__Data excerpt__

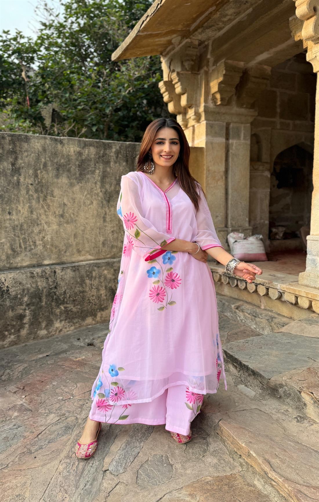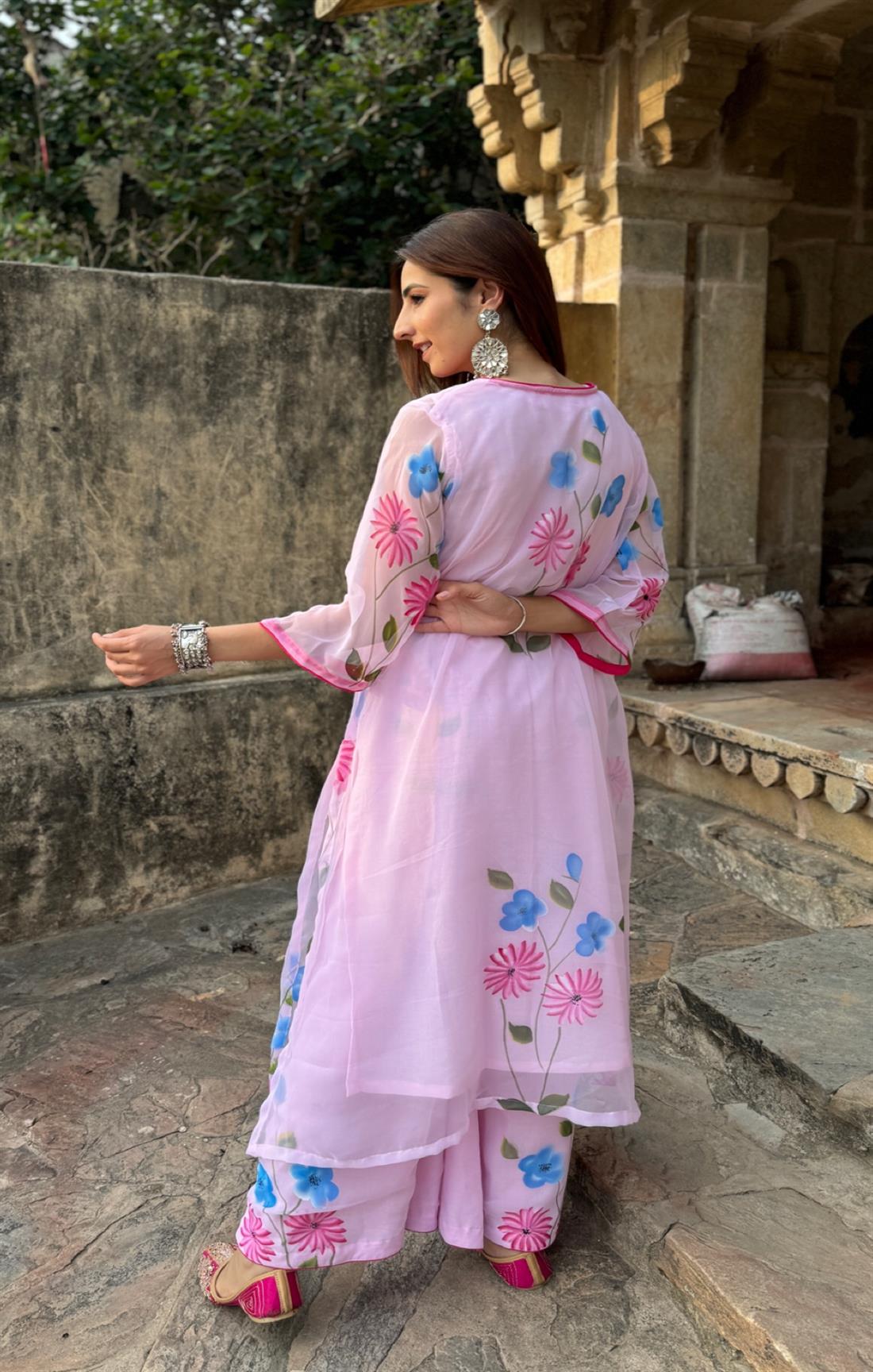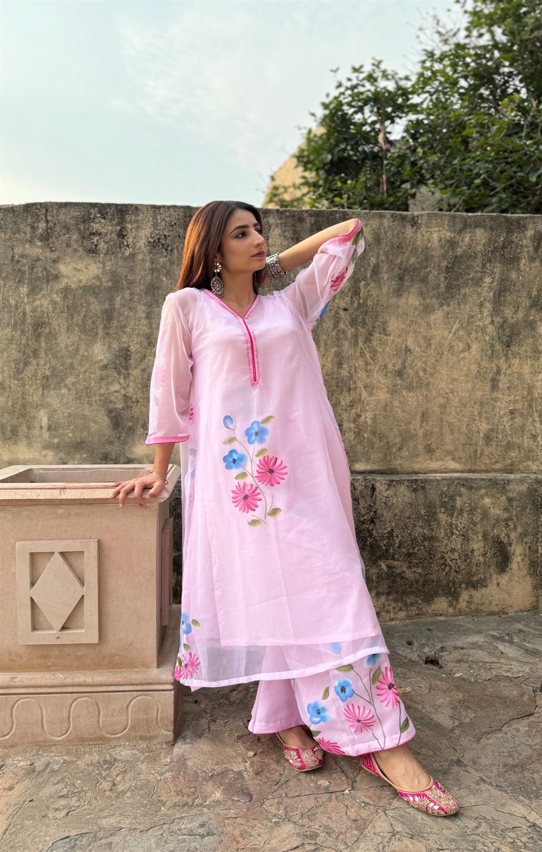 Top: Georgette Chiffon (Handpainted) With Pure Cotton Inner
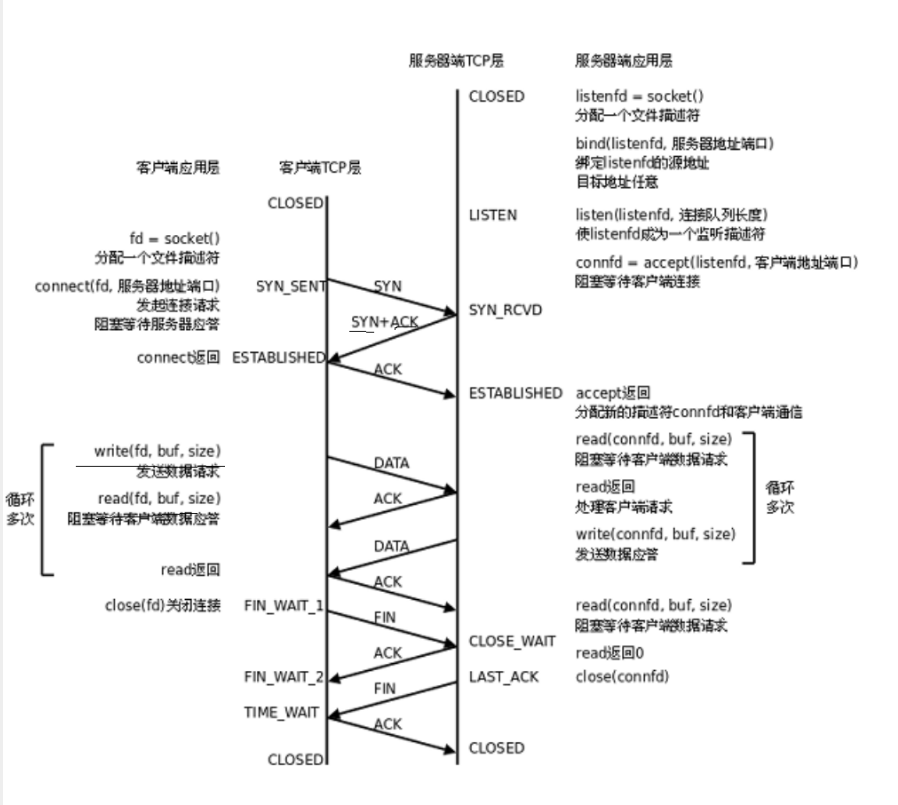 客户端socket创建套接字,connect绑定服务端端口;服务端创建套接字,bind绑定套接字,listen监听,accept接收客户端端口。随后系统会自主进行握手,connect和accept返回。
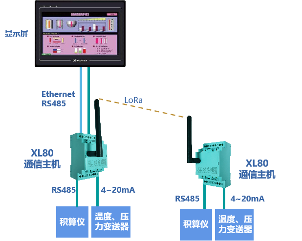 在采集壓力變送器、積算儀等儀表信號的同時,通過LoRa無線讀取其他采集點的數(shù)據(jù),通過以太網(wǎng)或RS485接入現(xiàn)場觸摸屏、數(shù)顯表等顯示設備,實時展示當前管道運行數(shù)據(jù)。
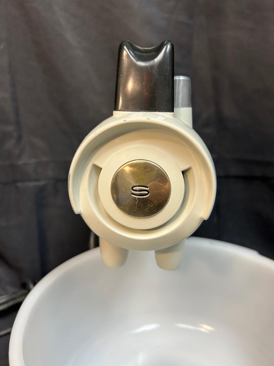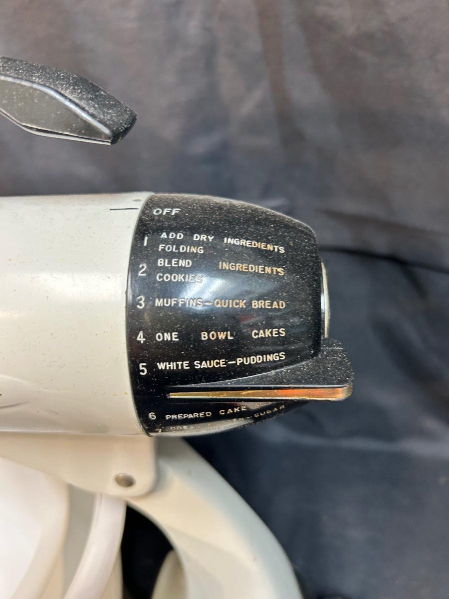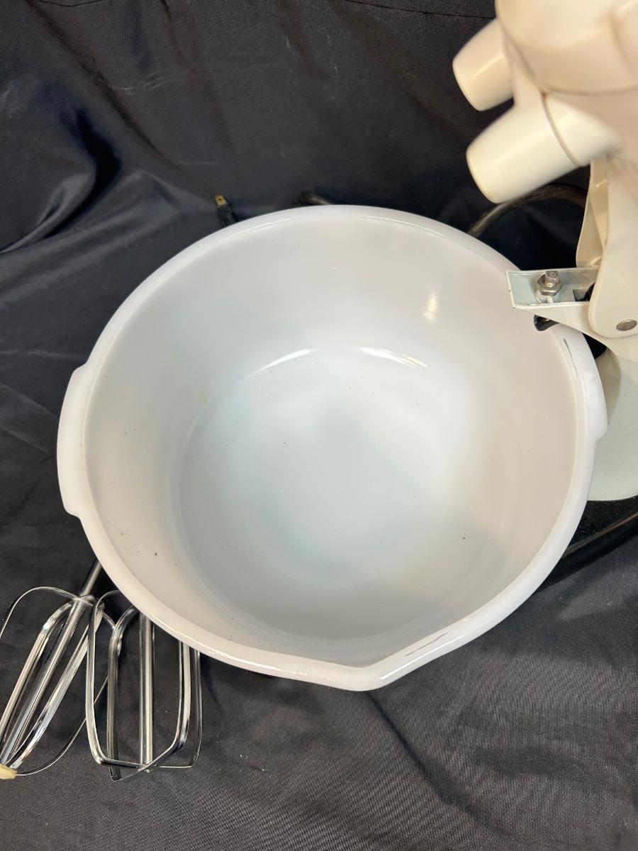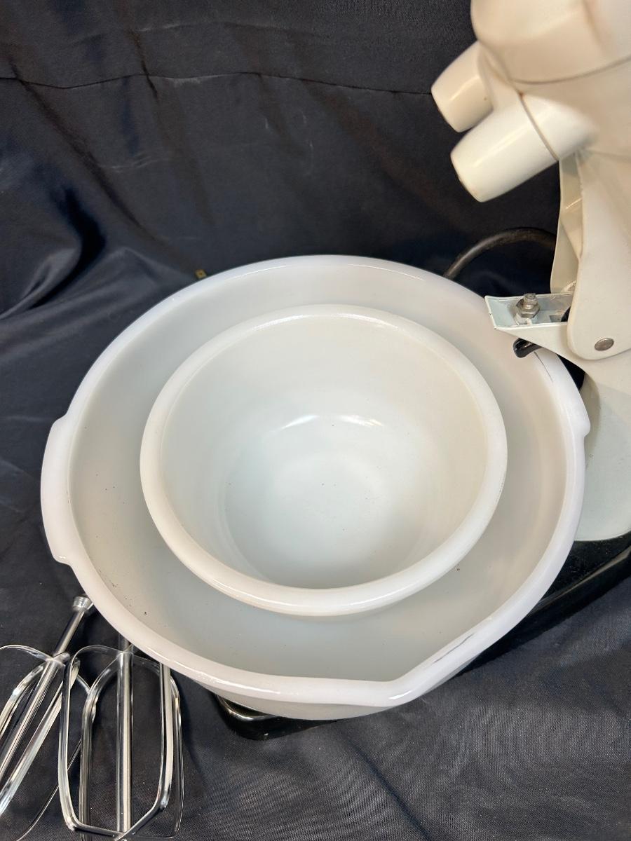 Vintage Retro Sunbeam Mixmaster Mixer with Two Bowls and Booklet. In good vintage condition. Bowls have no chips. Comes with a set of beaters. Unfortunately, it is untested as the cord has some light damage and needs to be repaired.

__Task goal__
Repeat the lines above, starting at the first and stopping after the line that holds "在采集壓力變送器、積算儀等儀", with the pictures left out.

__Solution to this task__
 Top: Georgette Chiffon (Handpainted) With Pure Cotton Inner
 客户端socket创建套接字,connect绑定服务端端口;服务端创建套接字,bind绑定套接字,listen监听,accept接收客户端端口。随后系统会自主进行握手,connect和accept返回。
 在采集壓力變送器、積算儀等儀表信號的同時,通過LoRa無線讀取其他采集點的數(shù)據(jù),通過以太網(wǎng)或RS485接入現(xiàn)場觸摸屏、數(shù)顯表等顯示設備,實時展示當前管道運行數(shù)據(jù)。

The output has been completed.